• [Exercise data]
==*==

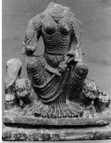
Figure 11 Lakmi Sitting in Broken Grey Chlorite, 10 Cm High, Sheri, Baramulla, Second Part of the 6th Century CE.

The Lakshmi from Sheri, Baramulla Figure 12 is an extended version of the grey chlorite Lakshmi group Figure 11 , which depicts the lustrated god seated in pralambapādāsana . In terms of the modified Hellenistic clothing Pal (2003) and Pal (2007) , it is comparable to the later, but the tucking is more real, and the upper costume is frilled unevenly, revealing the right side of chest without a pattern. The lower dress also bears this unusual treatment, especially above the hidden feet. The jewellery includes simple armbands, double bangles, earring studs, a necklace, and a pendant. Right hand raised, palm outward, gripping the petite lotus stalk between the index finger and the thumb. The animalistic end of a fully transfigured cornucopia, which dispenses diamonds, is held in the left. It consists of a long, folded-over stem that is growing leaves and holding a decorated vase. The appearance is broad in relation to the body and has a pointed chin. The hair is held in place by a gut with three crescents, the central one is spoiled, and is styled in twisting curls with elongated tresses enclosing the ears.
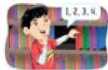
4. Count the books.

==*==

Exactly how many lines of the listing above contain the string "Sheri"? Give no more than the number.

2